Vanilla Butter Anchovy Toasts
['3/4 cup (1 1/2 sticks) unsalted butter, room temperature, cut into pieces', '1 Tbsp. vanilla bean paste', '1 Tbsp. vanilla extract', 'Pinch of kosher salt', '24 (1/4"–1/2"-thick) baguette slices, cut on a diagonal (from about 1 baguette)', '24 oil-packed anchovy fillets', '2 Tbsp. extra-virgin olive oil', '1/2 tsp. freshly ground black pepper', '2 Tbsp. finely chopped parsley leaves']
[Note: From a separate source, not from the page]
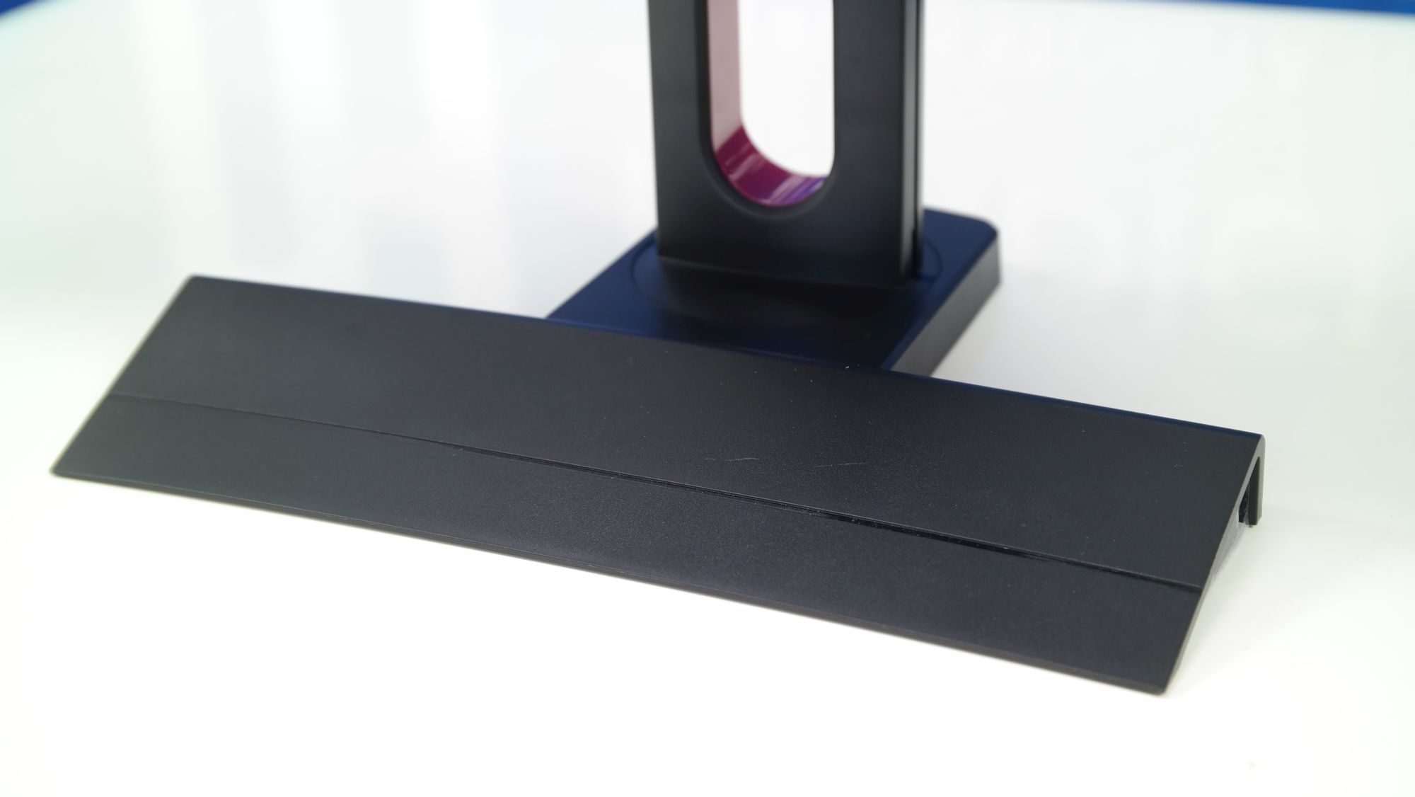 Foten som skärmen står på är av samma matta plast som resten av skärmen och står stabilt på bordet. Storleksmässigt är den sparsamt designad och man har valt att gå på bredden istället för på djupet för att få så bra stabilitet som möjligt. Detta är en bra lösning som fler skärmtillverkare borde titta på.

In the bowl of a stand mixer fitted with the whisk attachment or in a large bowl with a handheld mixer, beat butter on medium speed until smooth and fluffy. Add vanilla paste, vanilla extract, and salt and beat until combined. Transfer to a small bowl or resealable container; cover and chill until ready to use.
Preheat oven to 400°F. Arrange bread in an even layer on 2 rimmed baking sheets. Toast until bread is lightly golden brown, 4–6 minutes.
Meanwhile, toss anchovies, oil, and pepper in a small bowl.
While toast is still warm, spread a thick layer of vanilla butter over each. Top with an anchovy fillet and transfer to a large platter. Scatter parsley over.
Do Ahead: Vanilla butter can be made 5 days ahead. Transfer to an airtight container and chill.